Islam juga memiliki kontrol sosial yang sangat kuat yaitu adanya kewajiban untuk  melakukan amar makruf nahi bagi seluruh masyarakat.

Islam memiliki mekanisme untuk menjamin setiap individu rakyat hidup sejahtera. Islam mengenal konsep kepemilikan dengan jelas, yaitu kepemilikan  individu, kepemilikan negara dan kepemilikan umum.  Kepemilikan umum antara lain berupa  Sumber Daya Alam (SDA) yang jumlahnya tidak terbatas seperti minyak, gas, dan aneka macam tambang. Kepemilikan umum ini  merupakan milik bersama seluruh rakyat, negara diberi amanah untuk mengelolanya secara mandiri. Hasil pengelolanya akan dikembalikan kepada rakyat dalam bentuk pelayanan publik seperti kesehatan, pendidikan, keamanan secara gratis. Sehingga kepala keluarga tidak dibebani biaya pendidikan, kesehatan yang sangat besar seperti saat ini. Haram hukumnya negara menyerahkan harta kepemilikan umum ini kepada individu, maupun korporasi apalagi kepada asing. Kalau diperlukan tenaga ahli negara boleh mempekerjakan tenaga orang asing, tapi dengan akad ijarah, mereka diberi upah sesuai dengan jasa yang mereka berikan. Bukakan diserahi pengelolaan seperti saat ini.

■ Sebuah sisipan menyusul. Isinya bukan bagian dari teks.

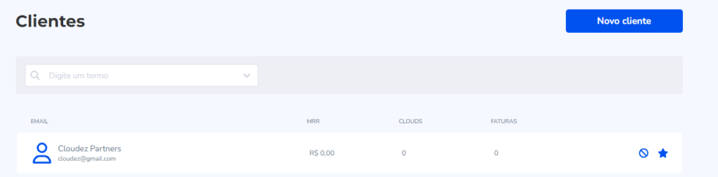 Clique sobre a cloud desejada para ser redirecionado ao painel de gerenciamento correspondente.
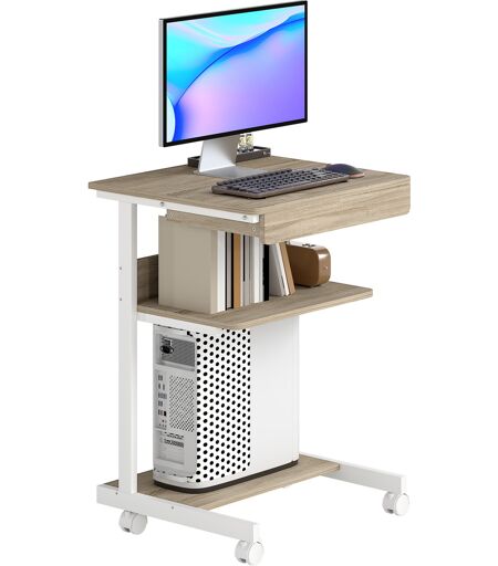 Homcom Scrivania PC con Cassetto Scorrevole, 2 Ripiani e 4 Rotelle, in Legno e Metallo, 56x51x79 cm, Bianco e Rovere Aosom Italy
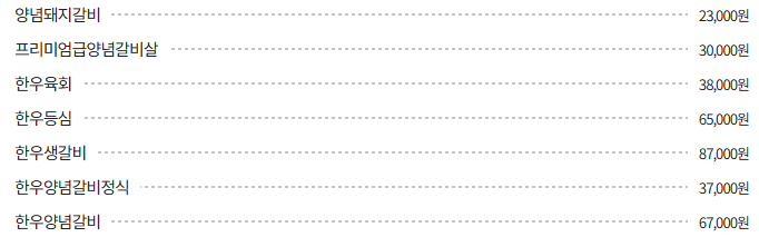 - 프리미엄급양념갈비: 57,000원 (고급스러운 수원 갈비)
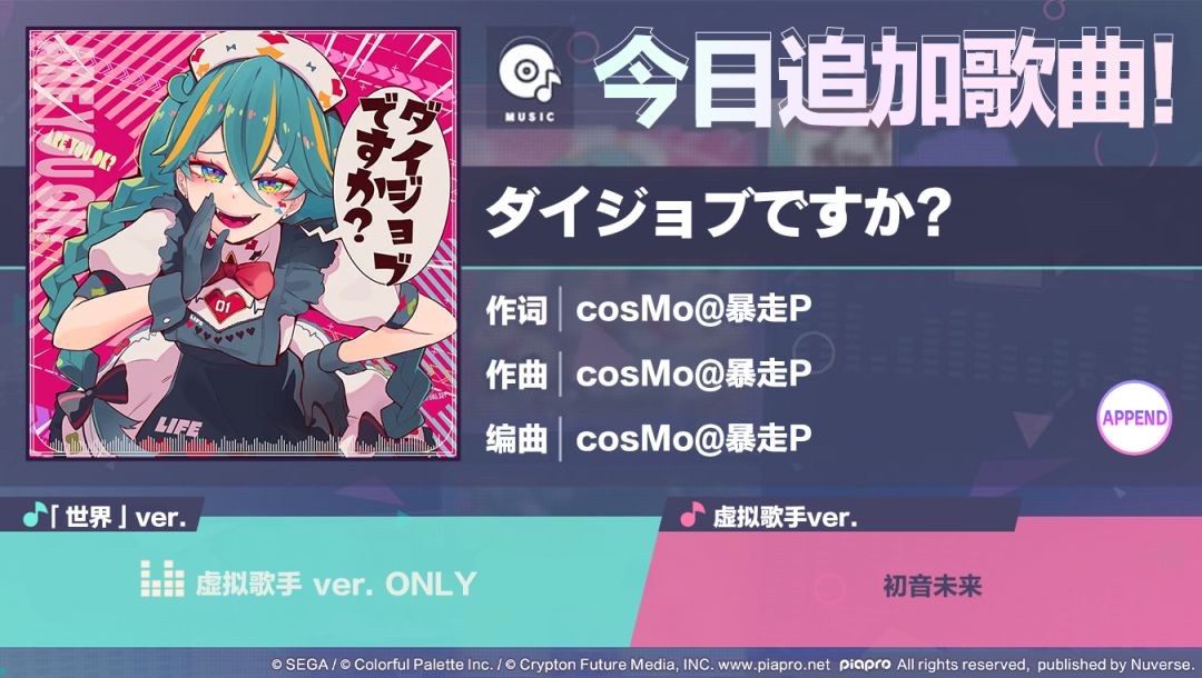 7/29 15:00起,将追加歌曲《ダイジョブですか?》!
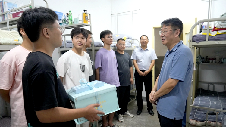 8月29日,校黨委書記張志昌,校長權雅寧,黨委副書記王浩,副校長王新軍、郭瑾分別深入北新街校區、丹江校區學生宿舍看望慰問2024級新生,并為當天過生日的孟欣雨等9名新生送去生日蛋糕。
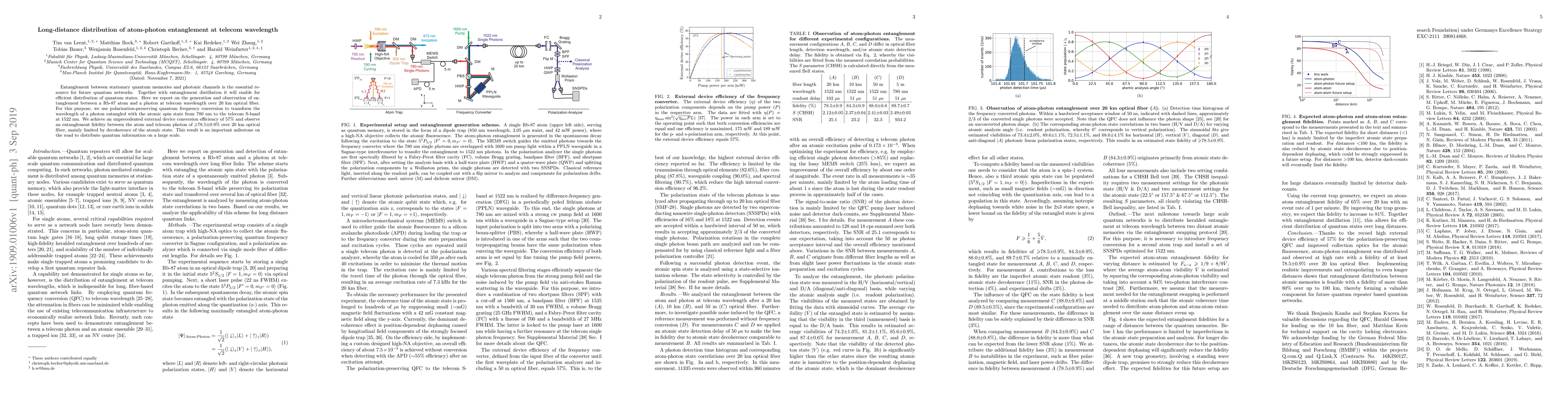 This paper reports on generating and maintaining entanglement between a Rb-87 atom and a photon at telecom wavelength over 20 km of optical fiber, achieving a high fidelity of 78.5±0.9% and a conversion efficiency of 57%, which is crucial for the large-scale distribution of quantum information.
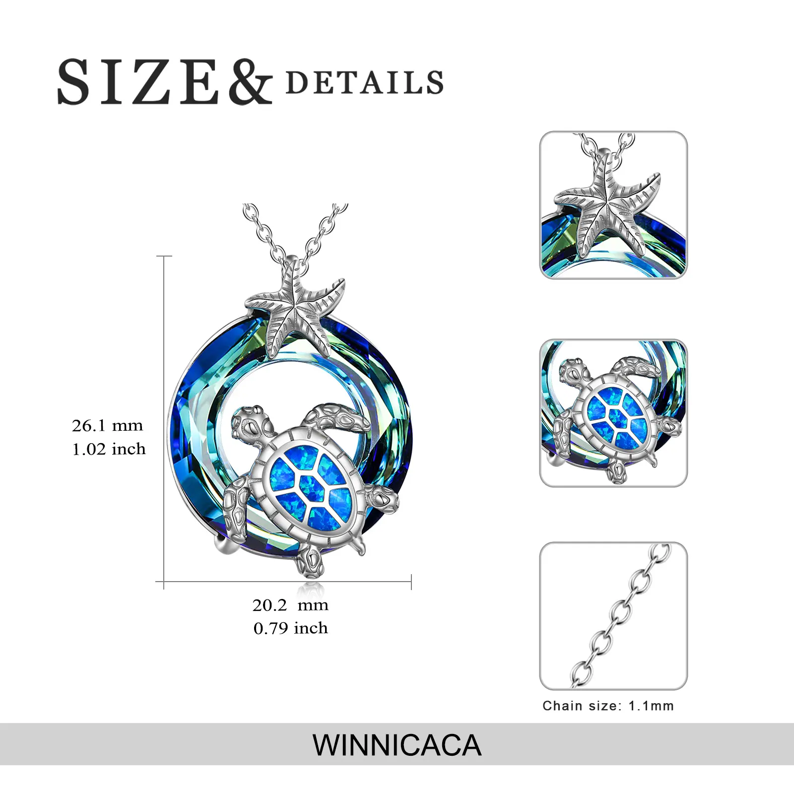 The turtle necklace features a chain length of 18" + 2" extension (45+5cm). The pendant measures 1.02*0.79 inches. This size ensures a comfortable fit for women. It's an ideal gift for women, making it a thoughtful present for any occasion.
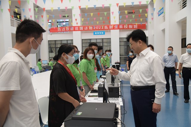他要求各迎新单位通力协作,为2021级新生提供周到细致的服务,尽全力解决新生和家长的困惑,营造温馨、和谐的迎新环境,确保迎新工作顺利完成。

Negara akan menyediakan lapangan pekerjaan kepada seluruh suami yang hasilnya cukup untuk menafkahi keluarganya. Apabila suami tidak mampu bekerja atau meninggal, maka kewajiban beralih pada kerabat, apabila kerabat tidak ada,  maka negara akan memberikan santunan untuk memenuhi kebutuhan keluarga tersebut. Sehingga semua individu rakyat akan hidup sejahtera. Sehingga sangat kecil kemungkinan terjadi tindakan kriminal.

Dengan menerapkan Syari’at Islam secara kaffah, maka keadilan, akan dirasakan oleh setiap individu masyarakat. Sistem sangsi dalam Islam akan menjamin setiap individu rakyat, baik muslim maupun non muslim, kaya maupun miskin, penguasa maupun rakyar biasa untuk mendapatkan keadilan hukum, sesuai ketentukan hukum syara’. Tidakkah kita merindukannya?